Испанский грипп, однако, оставляет последствия: повторяются приступы, неоднократно повышается температура. Врачи предписывают возвращение в деревню; Агентство без труда предоставляет требуемый отпуск (его понадобится многократно продлевать вплоть до лета 1919 года). Принимается решение обосноваться недалеко от Праги, в Шелезене, около Либоха, где Кафка проводил каникулы в свои юные годы. Когда он прибывает туда в декабре 1918 года, сопровождаемый матерью, то находит дом пустым, он — единственный пансионер отеля.

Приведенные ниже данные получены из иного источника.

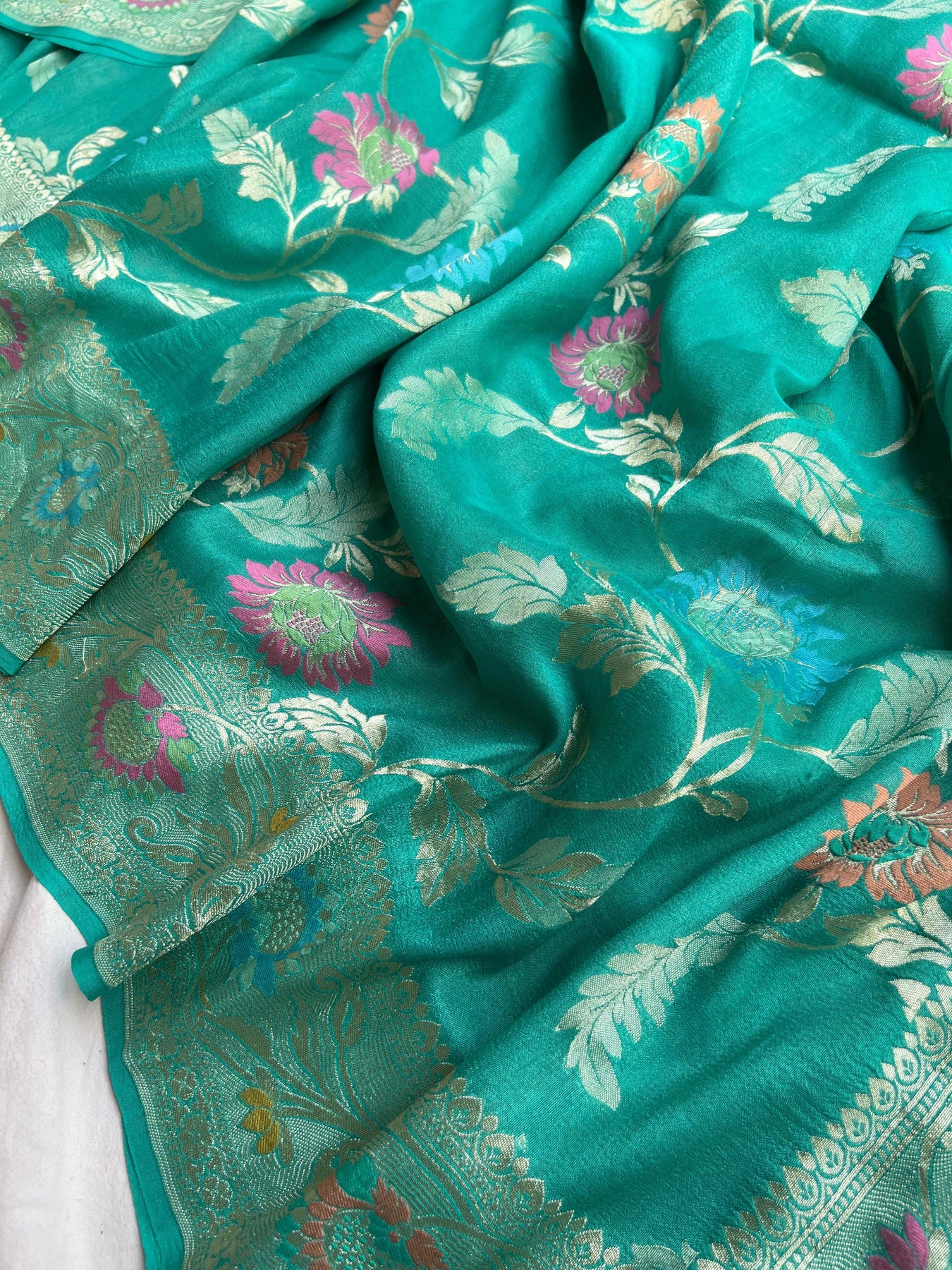 Sea Green Banarasi Handloom Pure Tussar Georgette Saree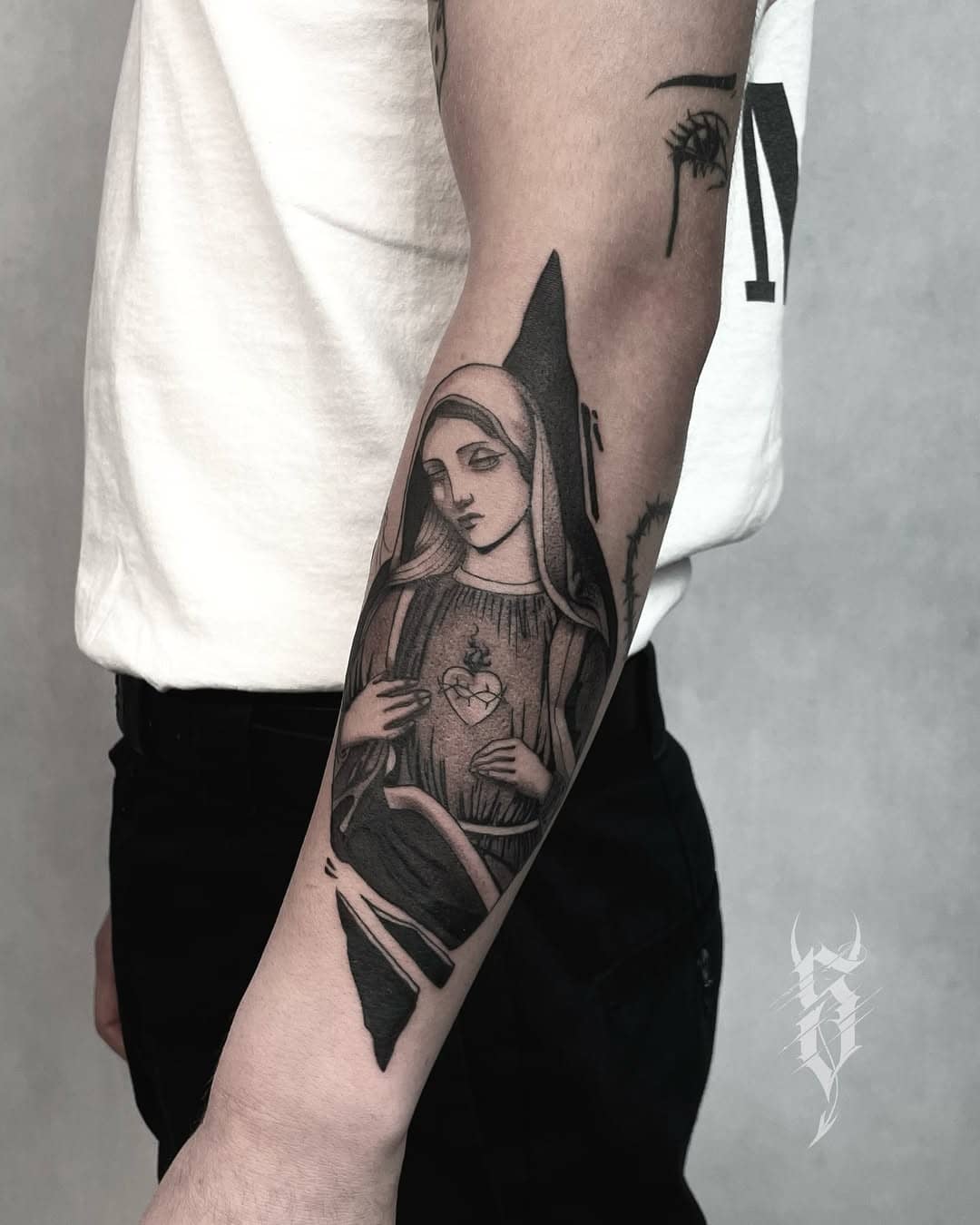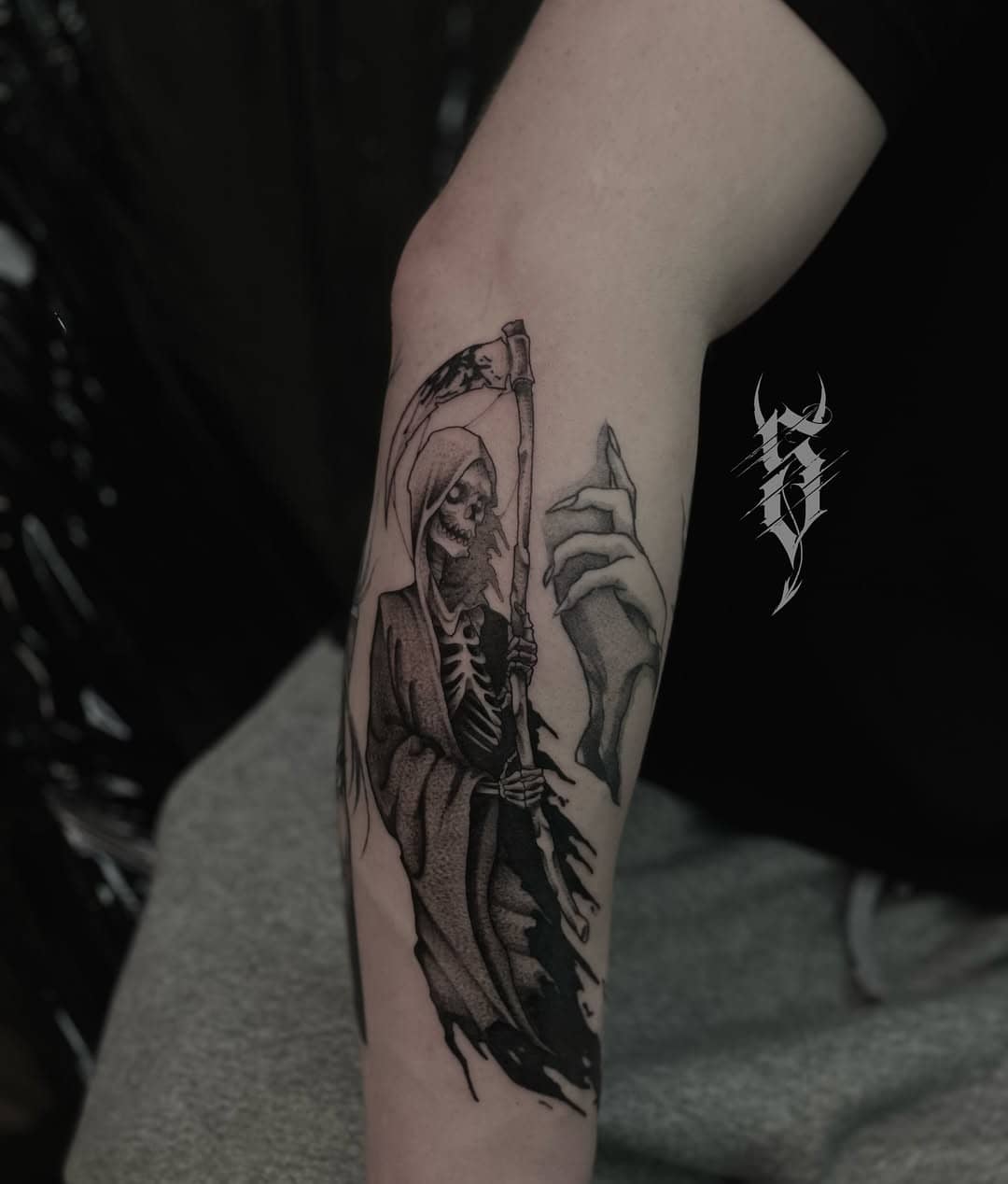 Alina - Nowy Lepszy Szatan trafiła do Sztormu w 2019 roku. Ma za sobą liceum plastyczne w Gdyni, więc sztuka była z nią od zawsze, ale zamiast malarstwa czy rysunku wybrała tatuaż. Zaczynała jako praktykantka, a bardzo szybko stała się jedną z osób, które nadają naszemu studiu charakter. Jak sama mówi – to forma, która daje jej więcej swobody i autentyczności.

Кафка возвращается в Прагу на Рождество, затем вновь отправляется в Шелезен в январе 1919 года. В этот раз в отеле есть еще одна пансионерка, которую он в письме к Максу Броду описывает следующим образом: «Еврейским элементом является девушка, по поводу которой следует надеяться, что она лишь слегка больна. Не еврейка, не нееврейка, не немка, не ненемка, любительница кино, оперетты и комедии, пудры и фиалок, которая обладает неисчерпаемой массой самых дерзких выражений на идиш, в целом очень невежественная, скорее веселая, чем грустная — вот приблизительно какова она. Если попытаться точно описать ее социальное положение, следует сказать, что она относится к категории продавщиц магазина. И вместе с тем честная до глубины сердца, порядочная, бескорыстная — это большие достоинства для создания, которое физически не без красоты, но которое почти столь же незначительно, как мошка, порхающая вокруг лампы». И Кафка добавляет: «В этом и во всем остальном она похожа на мадемуазель Блох, которую ты, может быть, вспоминаешь с антипатией». Последнее замечание не удивляет, поскольку эта девушка Юлия Вохрьщек. Упоминание о ней встречается в другом письме Максу Броду, ее имя появляется в некоторых редких записях «Дневника» в 1919 году, в письме сестре, которое отражает эволюцию чувств Кафки, наконец, она несколько раз фигурирует в переписке с Миленой. Это очень мало, и биограф, если он хочет разобраться во всем, не может отказать себе хотя бы в какой-то интерпретации этих скудных сведений.